Wrong encoding in web text scraping

HURIMOZ · June 23, 2022, 4:29am

Hi everyone, I’m struggling to get the encoding right in my web text scraping task. I want to make sure UTF-8 is being used throughout the whole workflow.

I’m using component Web Text Scraper which uses a Java based library called BoilerPipe and the output text is fine when the language is in English. However, the same task with a different language will result in characters not displayed properly.

See image below:

And here’s the workflow inside the Web Text Scraper:

It looks like the Java snippet for the text extractor is not using UTF-8. Or else?
Any help welcome!

HURIMOZ · June 23, 2022, 6:03am

I forgot to include the code snippet of the text extractor:

// system imports
import org.knime.base.node.jsnippet.expression.AbstractJSnippet;
import org.knime.base.node.jsnippet.expression.Abort;
import org.knime.base.node.jsnippet.expression.Cell;
import org.knime.base.node.jsnippet.expression.ColumnException;
import org.knime.base.node.jsnippet.expression.TypeException;
import static org.knime.base.node.jsnippet.expression.Type.*;
import java.util.Date;
import java.util.Calendar;
import org.w3c.dom.Document;


// Your custom imports:
import java.net.MalformedURLException;
import java.net.URL;

import de.l3s.boilerpipe.BoilerpipeProcessingException;


import de.l3s.boilerpipe.extractors.DefaultExtractor;
// system variables
public class JSnippet extends AbstractJSnippet {
  // Fields for input columns
  /** Input column: "link_123456789" */
  public String c_link_123456789;

  // Fields for output columns
  /** Output column: "text" */
  public String out_text;

// Your custom variables:
String text = "";
URL url;
// expression start
    public void snippet() throws TypeException, ColumnException, Abort {
// Enter your code here:
try{
url = new URL(c_link_123456789);	
	
}
catch(MalformedURLException e){
	out_text = "";
	}
try{
out_text = DefaultExtractor.INSTANCE.getText(url);	
	}
catch(BoilerpipeProcessingException ex){
	
	out_text = "";
	
	}	

		



// expression end
    }
}

mlauber71 · June 23, 2022, 6:20am

@HURIMOZ welcome to the KNIME forum.

You could try and set utf-8 as default in the knime.ini

and workspace

HURIMOZ · June 23, 2022, 8:24am

Hi @mlauber71 thanks for your help.
I’m however still getting those weird characters displayed.
I’ve changed the knime.ini file:

I’ve also changed the text file encoding in the preferences:

Not sure what I’m doing wrong here.

qqilihq · June 23, 2022, 10:01am

You’ll typically need to detect the encoding based on the input data (i.e. specified by the website). For example Asian language websites will often not use UTF-8 encoding.
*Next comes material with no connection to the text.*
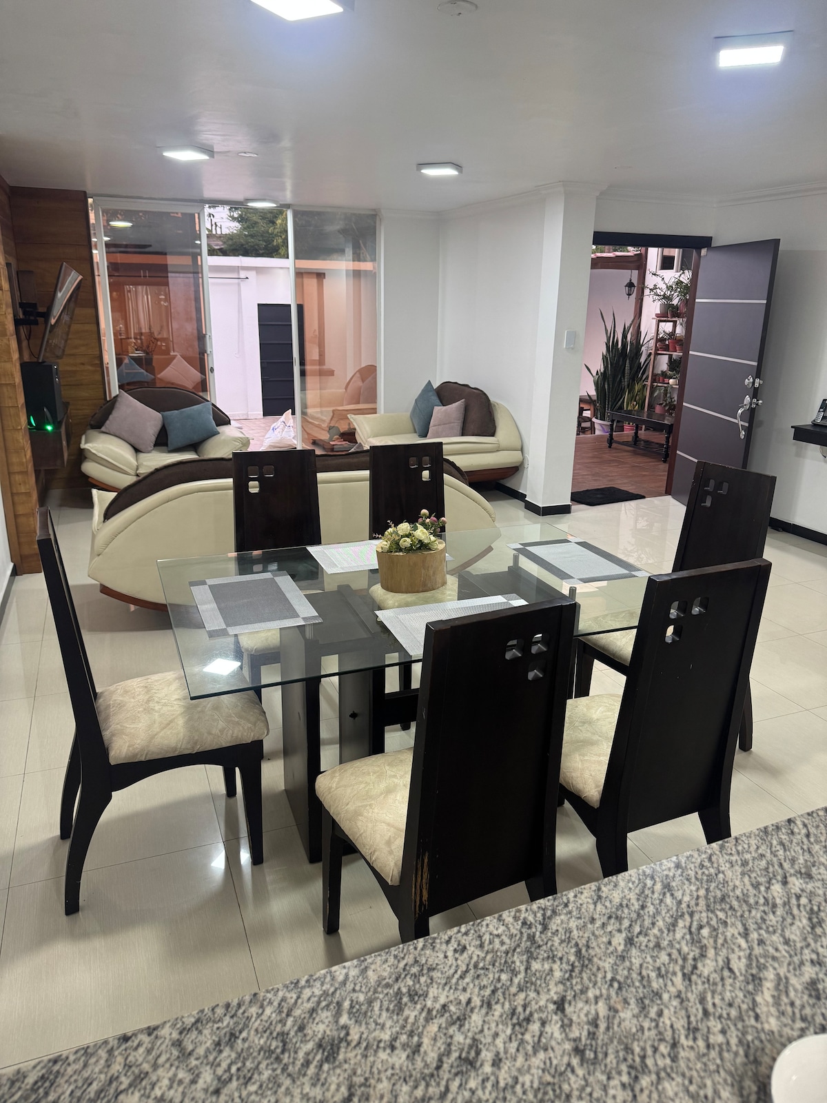 Diviértete con toda la familia en este alojamiento con estilo elegante y moderno con domótica en toda su casa, lugar céntrico a 5 minutos caminando encuentras KFC,Gran Aki,Tuti,Farmacias, Supermecados, etc.. 🛏️ 1 habitación con cama de 2 plazas y media 🚿 Baño privado. 🍳 Cocina equipada con lo esencial para preparar tus alimentos. 📶 WiFi de alta velocidad. ❄️ Aire acondicionado. 📺TV con acceso a Netflix. 🧊Refrigedor. 🚗 Estacionamiento Y muchas cosas más

Therefore, in the Palladian nodes, we have quite some “magic” to detect the encoding (based on explicitly given tags and headers and some heuristics of these do not exist) of a website and then to decode it properly. So, as an alternative solution, you might want to look at the following combo:

HURIMOZ · June 24, 2022, 10:44pm

Hi @mlauber71 it looks like the problem comes from the component input of the Web Text scraper being locked and excluding UTF-8. See below:

I can’t seem to unlock the component to take out the UTF-8 exclusion. Why is that?

mlauber71 · June 25, 2022, 10:26am

@HURIMOZ this UTF-8 seems to be a variable. I don’t think this is the point where you can set something. You could try and let the variable thru by disconnecting the component from the source but I doubt it will make a difference.

Could you provide some sample file or workflow where this happens so one might investigate.

HURIMOZ · June 25, 2022, 4:09pm

Hi @mlauber71 see package here.

mlauber71 · June 27, 2022, 3:49pm

@HURIMOZ I think with the suggested Palladian nodes you might be able to extract the data with a good encoding. The Java package you are using seems to be focussed on english language content. There are some discussions about using other languages also, but the settings were not immediately obvious.

kn_forum_44466_tahitian_web_extract.knwf (46.2 KB)

Another Approach could be to use the R package and configure that:

system · September 25, 2022, 3:49pm

This topic was automatically closed 90 days after the last reply. New replies are no longer allowed.